Another encounter with the waterfall from last time

Water, water everywhere

Trying (and failing) to dig around the water

I accidentally flooded an old corridor in the process

I’m trying to maintain my regular pattern of mine corridors; and I wasn’t quite far enough over to be safe from the water I encountered last time. I ended up mostly just going back into an old corridor to bypass it before continuing to dig.

Looking up into hole left by gravel

Periodically, you run into gravel that falls down as you dig it out, which means that you end up having a much higher ceiling in that part of the corridor than elsewhere. Which looks rather nice, actually.

My second mine corridor

At some point, I got bothered by the fact that I didn’t have a standard length to dig my branch corridors off of. So I decided to just pick a distance and dig them all that far, marking that distance by a corridor that was parallel to my original corridor. The funny thing was that, when I did that, I found that several of my recent branches were within two or three squares of hitting that new corridor exactly! So clearly my brain had developed a notion of how far a mining corridor should be…

View of branch corridor across the lava

This is a view of one of my branch corridors from across the lava pool that my main mine corridor ran into. For whatever reason, mining sets me up with a mindset of “we must make the landscape conform”: I don’t try to actually remove lava and water that I encounter, but I do try to maintain as regular a pattern of corridors as possible given the presence of those liquids.

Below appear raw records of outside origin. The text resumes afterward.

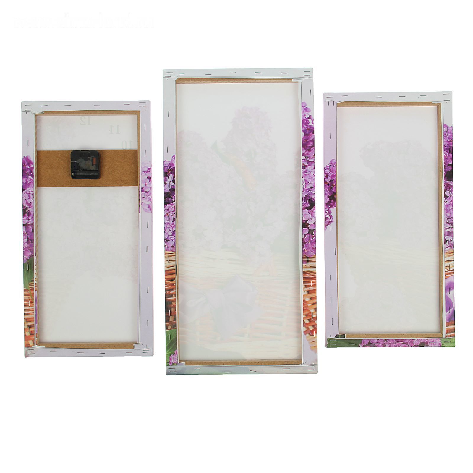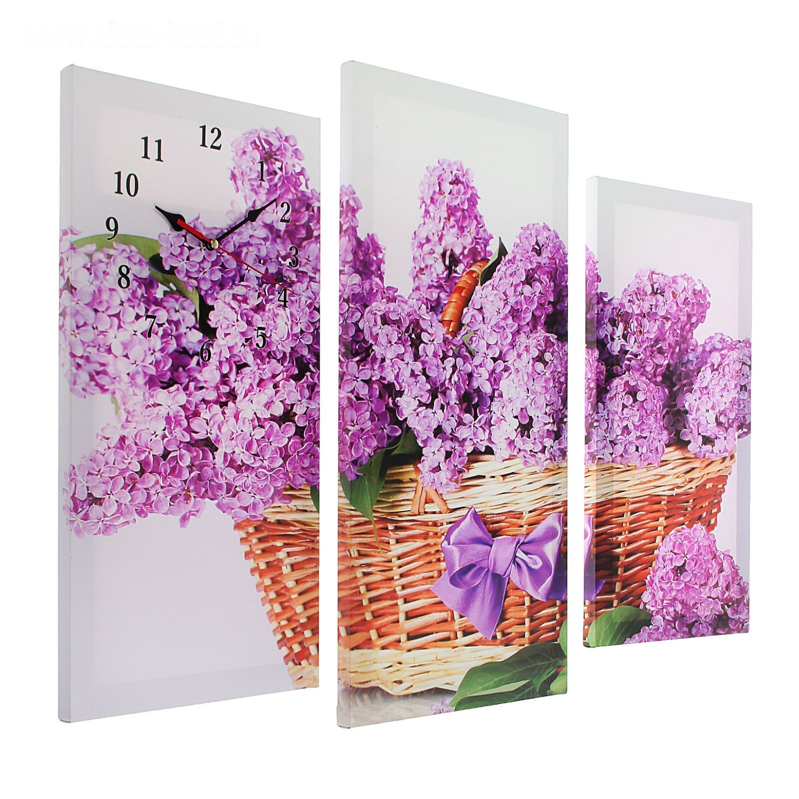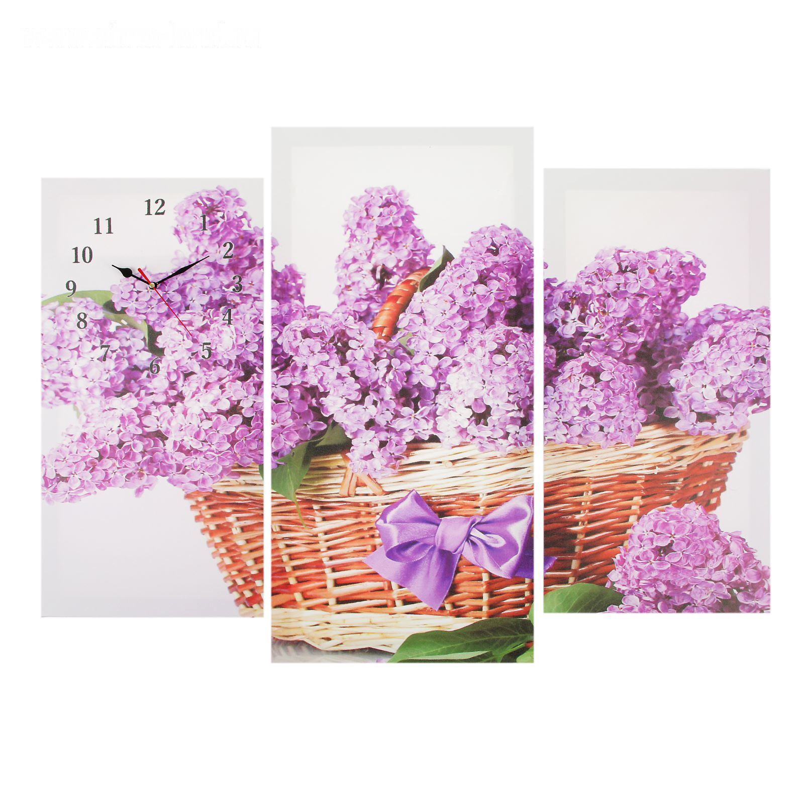 Часы настенные, модульные, серия: Цветы, "Корзина сирени", 60х80 см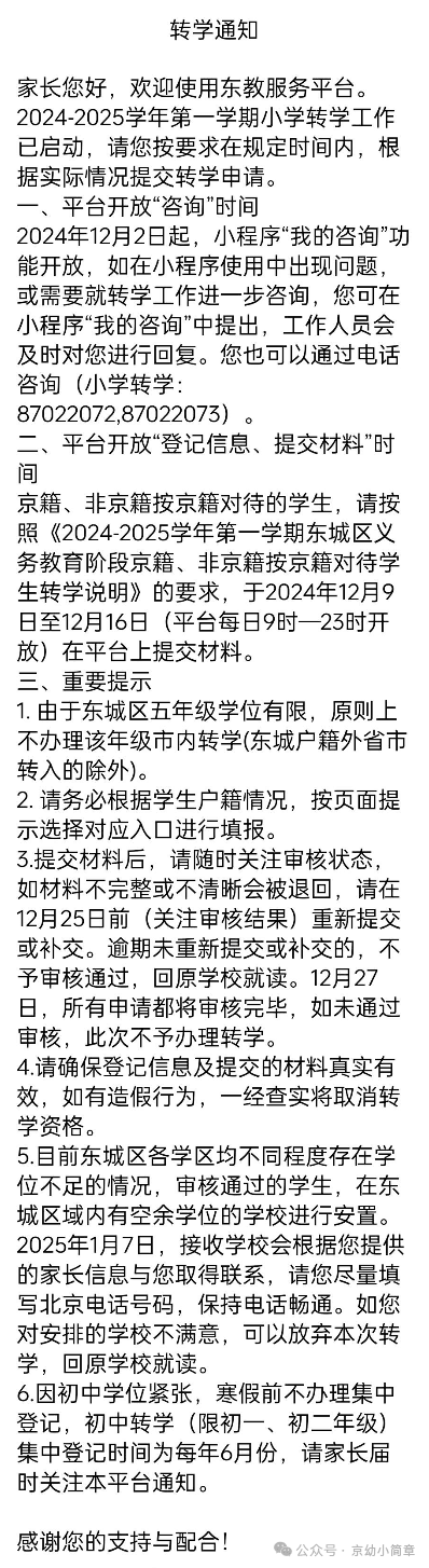 东城2025年转学开始申请!市内五年级无法转入~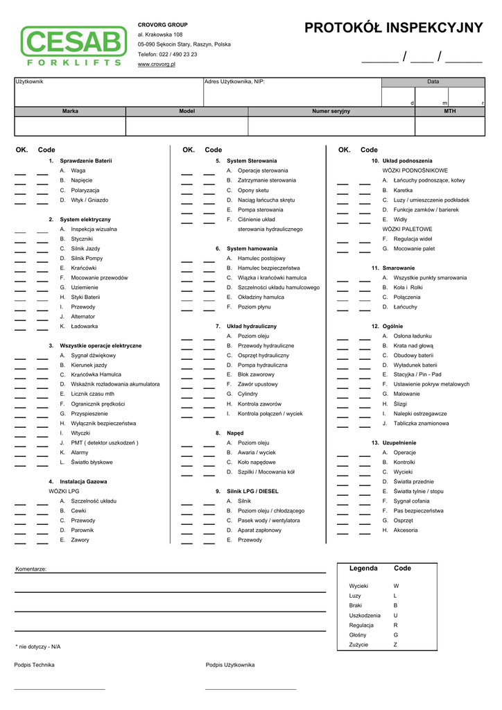 PROTOKÓŁ INSPEKCYJNY CROVORG GROUP al. Krakowska 108 05-090 Sękocin Stary, Raszyn, Polska Telefon: 022 / 490 23 23 ________ www.crovorg.pl Użytkownik / _____ / ________ Adres Użytkownika, NIP: Data d Marka OK. Code 1. 2. OK. Sprawdzenie Baterii Code 5. OK. MTH Code System Sterowania 10. Układ podnoszenia Waga A. Operacje sterowania WÓZKI PODNOŚNIKOWE B. Napięcie B. Zatrzymanie sterowania A. Łańcuchy podnoszące, kotwy C. Polaryzacja C. Opony sketu B. Karetka D. Wtyk / Gniazdo D. Naciąg łańcucha skrętu C. Luzy / umieszczenie podkładek E. Pompa sterowania D. Funkcje zamków / barierek Ciśnienie układ E. Widły sterowania hydraulicznego WÓZKI PALETOWE System elektryczny F. Inspekcja wizualna B. Styczniki C. Silnik Jazdy F. D. Silnik Pompy A. E. Krańcówki B. Hamulec bezpieczeństwa F. Mocowanie przewodów C. Wiązka i krańcówki hamulca A. Wszystkie punkty smarowania G. Uziemienie D. Szczelności układu hamulcowego B. Koła i Rolki H. Styki Baterii E. Okładziny hamulca C. Połączenia I. Przewody F. Poziom płynu D. Łańcuchy J. Alternator K. Ładowarka 6. 7. Wszystkie operacje elektryczne System hamowania Regulacja wideł G. Mocowanie palet Hamulec postojowy 11. Smarowanie Układ hydrauliczny 12. Ogólnie A. Poziom oleju A. Osłona ładunku B. Przewody hydrauliczne B. Krata nad głową A. Sygnał dźwiękowy C. Osprzęt hydrauliczny C. Obudowy baterii B. Kierunek jazdy D. Pompa hydrauliczna D. Wyładunek baterii C. Krańcówka Hamulca E. Blok zaworowy E. Stacyjka / Pin - Pad D. Wskaźnik rozładowania akumulatora F. Zawór upustowy F. Ustawienie pokryw metalowych E. Licznik czasu mth G. Cylindry G. Malowanie F. Ogranicznik prędkości H. Kontrola zaworów H. I. Kontrola połączeń / wyciek I. Nalepki ostrzegawcze J. Tabliczka znamionowa G. Przyspieszenie H. 4. m Numer seryjny A. A. 3. Model Wyłącznik bezpieczeństwa 8. Ślizgi I. Wtyczki J. PMT ( detektor uszkodzeń ) Napęd A. Poziom oleju K. Alarmy B. Awaria / wyciek A. Operacje L. Światło błyskowe C. Koło napędowe B. Kontrolki D. Szpilki / Mocowania kół C. Wycieki D. Światła przednie 13. Uzupełnienie Instalacja Gazowa WÓZKI LPG A. Szczelność układu 9. Silnik LPG / DIESEL E. Światła tylnie / stopu A. F. Sygnał cofania Pas bezpieczeństwa Silnik B. Cewki B. Poziom oleju / chłodzącego F. C. Przewody C. Pasek wody / wentylatora G. Osprzęt D. Parownik D. Aparat zapłonowy H. E. Zawory E. Przewody Komentarze: * nie dotyczy - N/A Podpis Technika Podpis Użytkownika _____________ ______________________________ ______________________________ Akcesoria Legenda Code Wycieki W Luzy L Braki B Uszkodzenia U Regulacja R Głośny G Zużycie Z r

Loot from that mining session

Here’s my loot from that mining session. A good amount of diamond, but not too exciting otherwise; and, as always, I wish I had more iron.

My bed

Once I felt like I’d mined enough, I went up and started things smelting while I harvested wood and reeds. And I built my first bed! I’ve only used it once, though: while it would come in handy when doing outside work, I still feel like following the rhythms of my world for now.

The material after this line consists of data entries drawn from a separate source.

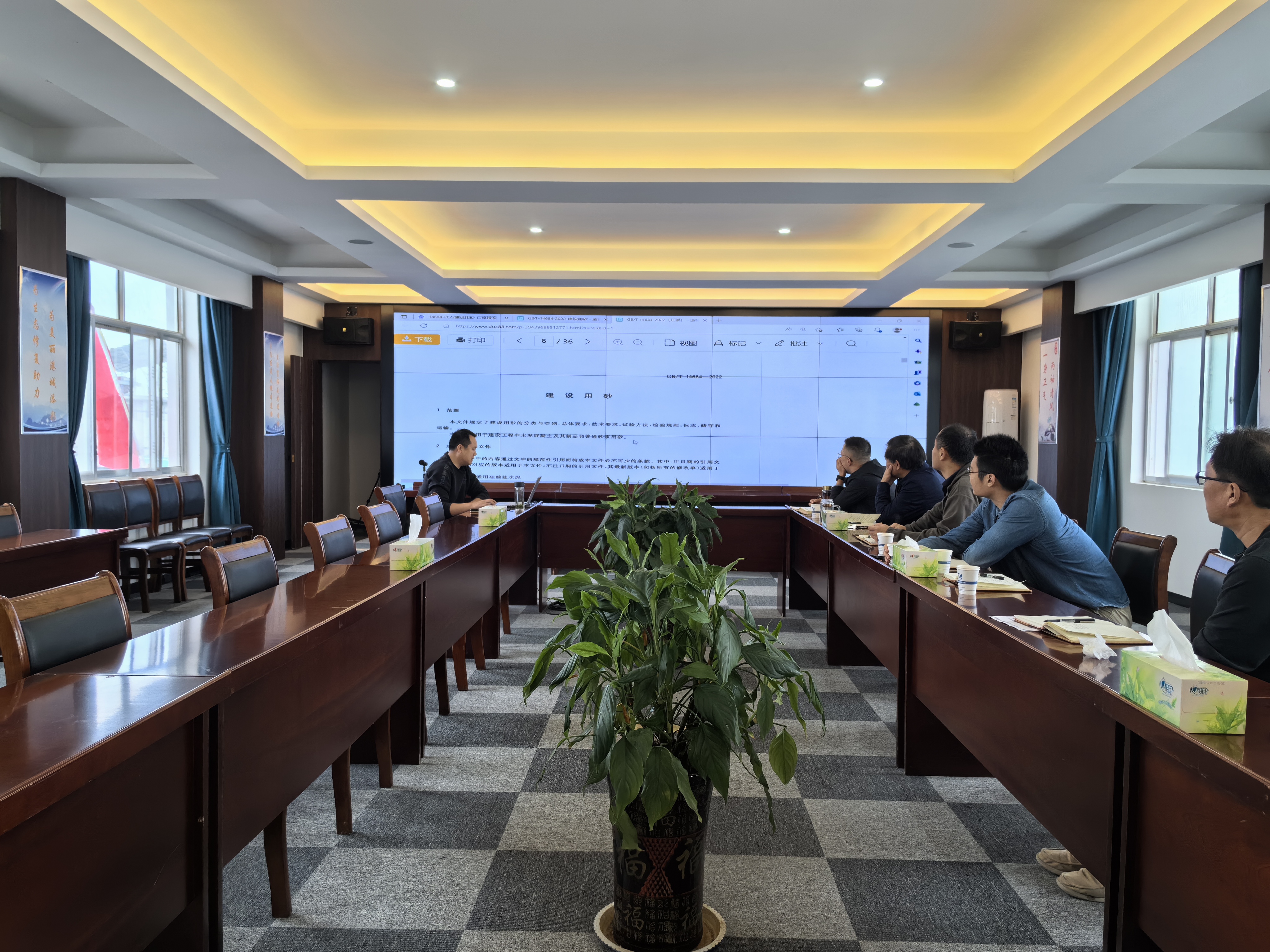 会上,王兵深入浅出地就建设用砂的分类与类别、总体要求、技术要求、实验方法、检验规则等内容进行了详细讲解,并就石梁河周边市场潜在客户的需求进行分析、交流,以便产品布局更加贴合市场要求。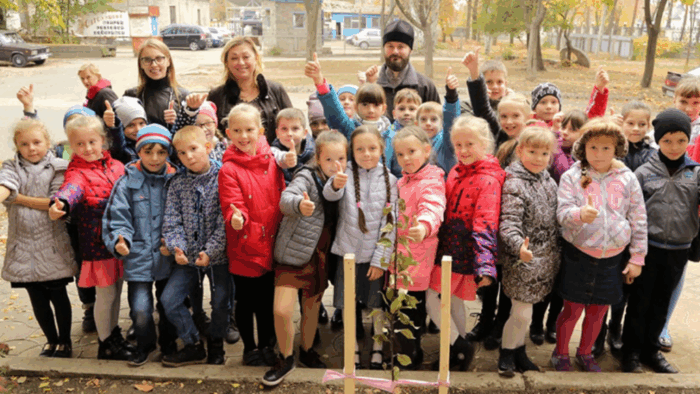 Ученики воскресной школы Горловки посадили сакуру
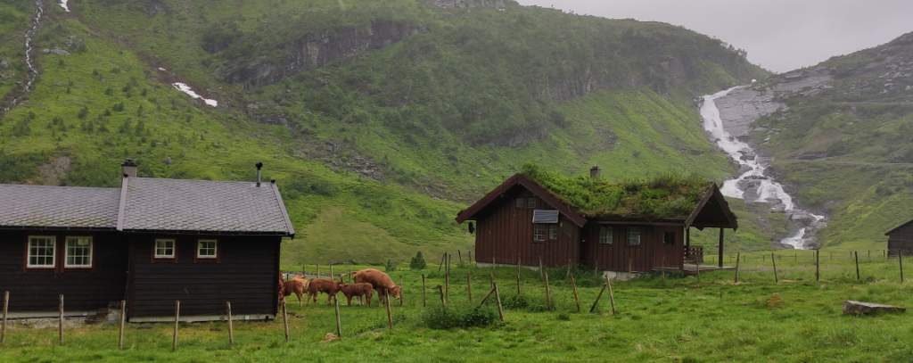 Aujourd’hui journée plus cool, on se lève un peu plus tard, on prend notre temps et on prend la route vers 9h30 vers Voss pour refaire le plein… de vin blanc… Eh oui on avait pris un cubi avec mais malheureusement il est déjà vide… On boit trop!. En Norvège c’est comme en Islande, ce sont des magasins d’état qui vende de l’alcool et le plus proche était a Voss.

After that, I needed a break from mining (whether of ore or wood). I remembered that, when poking in the sand near my spawn point, I’d uncovered what seemed like it might be a cave. So I went over to give it more of a look.

Is there a cave under the sand?

Looking into the cave

Inside the cave

The outside view after removing all the gravel

There was a bunch of gravel under the sand; once I dug that away, there was indeed a cave. Which was reasonably tall, but didn’t go very far, so it wasn’t as exciting as I’d hoped for. Still, it was something, and I think I even got a bit of iron out of it.

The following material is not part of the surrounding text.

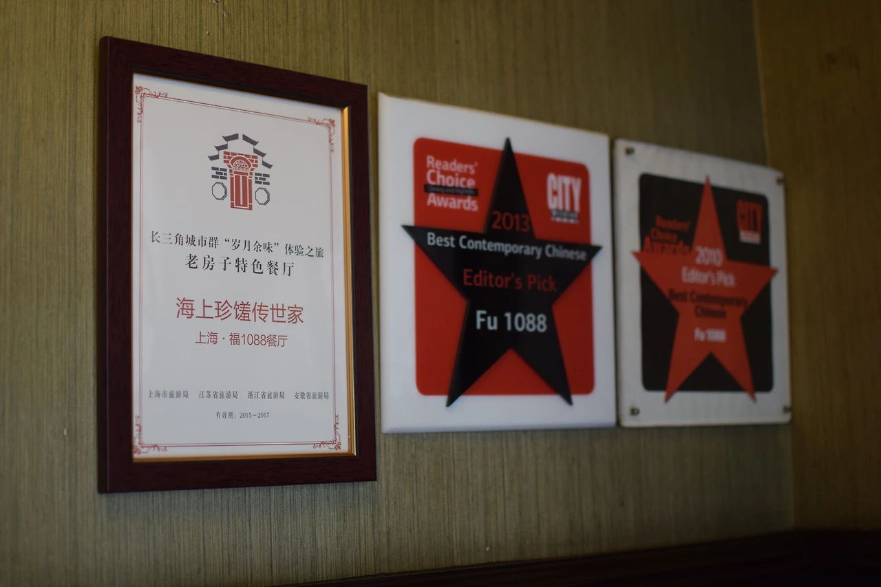 Fu 음식점은 여러 곳이 있는데 이 1088이 가장 먼저 생겼고, 1039, 1015가 차례로 생겼다. 이들 음식점들마다 특징은 약간씩 다르다고... 예약하지 않으면 갈 수 없는 곳이다. 그리고 생각보다 많이 찾기 힘들었다. 애시당초 이 건물은 프랑스 조계지 구역에 있던 주거용 건물이었고, 이 주거용 프랑스식 건물을 보수 후에 개조하여 만든 곳이기 때문이었다.

After that, I returned to my house. I went to organize my goods in my chests, and realized that they were starting to overflow with junk. So I wanted to find a way to dispose of those extra blocks. And the easiest way to do that was in the lava pool in my mine: so I went down again!

My incinerator

Which sounds kind of silly, except I really like the journey from my house to my mine: it’s a nice familiar path, and it’s surprisingly fast. So I took a bunch of blocks down there and threw them away; while I was at it, I also built a third corridor parallel to my main mining corridor, this time on the right side of the main corridor. So now I have standard distances to travel on both sides when I’m mining.

How did that chicken get in here?

When I came up, I was surprised to find that I had a guest. I still have no idea how it got there: I checked, and all the doors were closed. Though the route from the ravine into my house isn’t guarded by a door: did it manage to make it through that? Did I leave a door open briefly earlier without realizing it? Did it glitch into the house? Did it spawn in there? Beats me; for now, though, I’m happy enough to have a chicken living with me, so I’ve left it there.

My current loot stash

Here’s my current loot stash. 257 iron ingots, which would be enough for 672 minecart tracks. And I now have enough diamond for a full set of armor, if I wanted to be ultra-fashionable, with one left over for a record player to boot! (I doubt I’ll do the armor, but I will do the record player.) I should make some bookshelves, too.

I’m not sure what I’ll do next. Maybe explore above ground, to see if I can find a place for a house that isn’t dug out of a hill?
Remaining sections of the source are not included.